What is being asked.
Pictures excluded, reproduce exactly the lines below from the one with "De Epson inktcartridge" through the one with "(a) LOPA 102", both included.

Data.
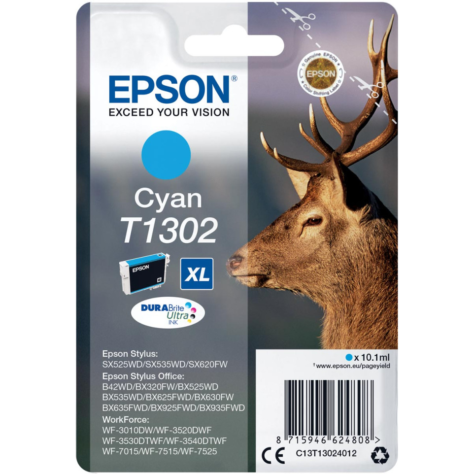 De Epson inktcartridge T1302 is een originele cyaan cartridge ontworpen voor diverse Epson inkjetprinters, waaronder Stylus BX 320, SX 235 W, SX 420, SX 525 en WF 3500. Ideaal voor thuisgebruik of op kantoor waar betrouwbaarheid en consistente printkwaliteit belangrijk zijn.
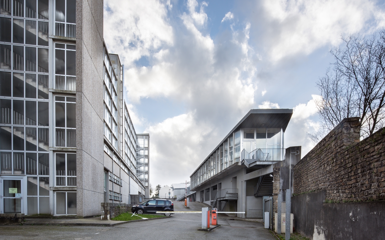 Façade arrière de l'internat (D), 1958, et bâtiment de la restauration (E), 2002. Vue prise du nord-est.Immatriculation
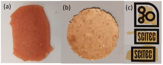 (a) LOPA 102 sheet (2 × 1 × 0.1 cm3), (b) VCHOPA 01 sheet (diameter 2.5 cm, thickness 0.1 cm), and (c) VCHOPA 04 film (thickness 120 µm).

==

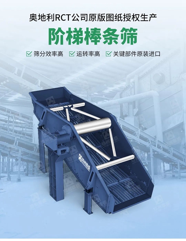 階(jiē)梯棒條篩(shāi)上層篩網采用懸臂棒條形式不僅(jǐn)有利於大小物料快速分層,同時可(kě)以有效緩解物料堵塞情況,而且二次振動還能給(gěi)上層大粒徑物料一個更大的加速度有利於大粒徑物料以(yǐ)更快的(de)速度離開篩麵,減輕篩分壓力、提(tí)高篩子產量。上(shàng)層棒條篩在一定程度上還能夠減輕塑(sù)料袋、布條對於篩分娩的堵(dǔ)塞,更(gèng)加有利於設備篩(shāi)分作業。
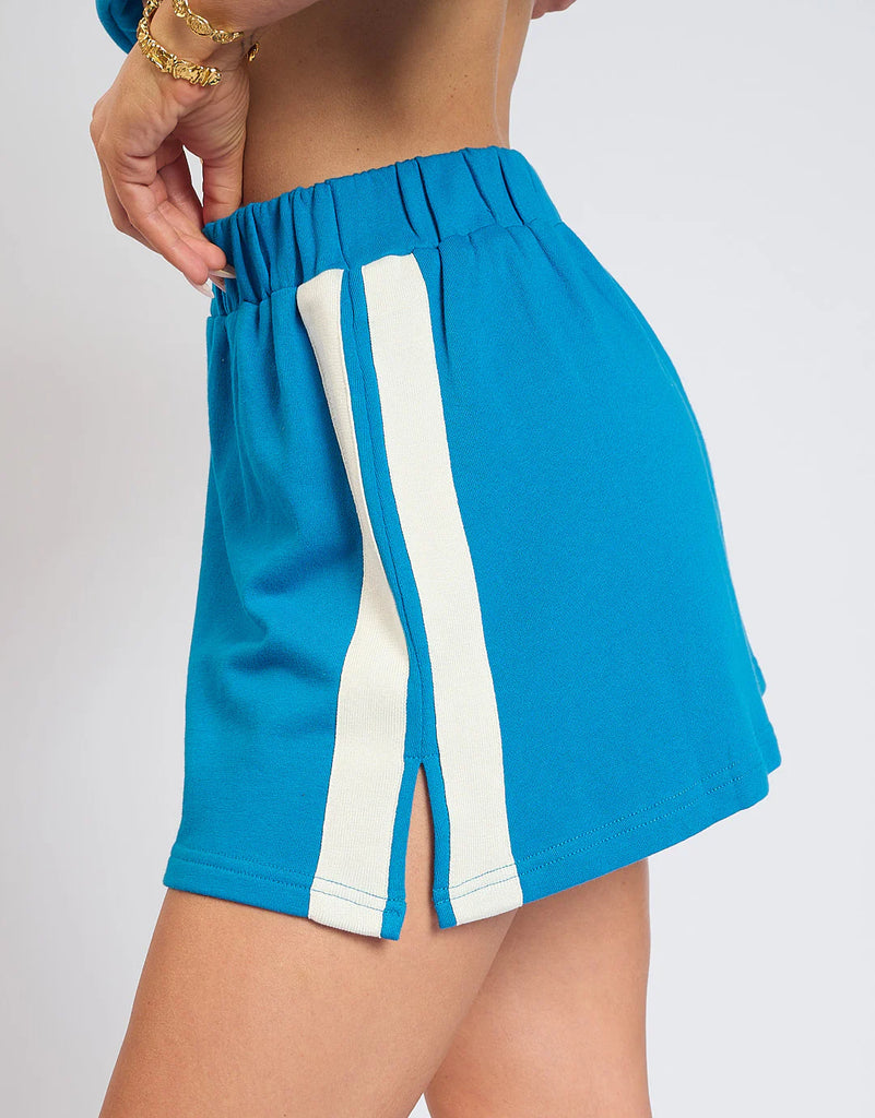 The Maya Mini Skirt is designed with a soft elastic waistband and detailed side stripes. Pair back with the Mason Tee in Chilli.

--

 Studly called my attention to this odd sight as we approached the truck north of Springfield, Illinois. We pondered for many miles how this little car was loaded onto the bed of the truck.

Solution for this task.
 De Epson inktcartridge T1302 is een originele cyaan cartridge ontworpen voor diverse Epson inkjetprinters, waaronder Stylus BX 320, SX 235 W, SX 420, SX 525 en WF 3500. Ideaal voor thuisgebruik of op kantoor waar betrouwbaarheid en consistente printkwaliteit belangrijk zijn.
 Façade arrière de l'internat (D), 1958, et bâtiment de la restauration (E), 2002. Vue prise du nord-est.Immatriculation
 (a) LOPA 102 sheet (2 × 1 × 0.1 cm3), (b) VCHOPA 01 sheet (diameter 2.5 cm, thickness 0.1 cm), and (c) VCHOPA 04 film (thickness 120 µm).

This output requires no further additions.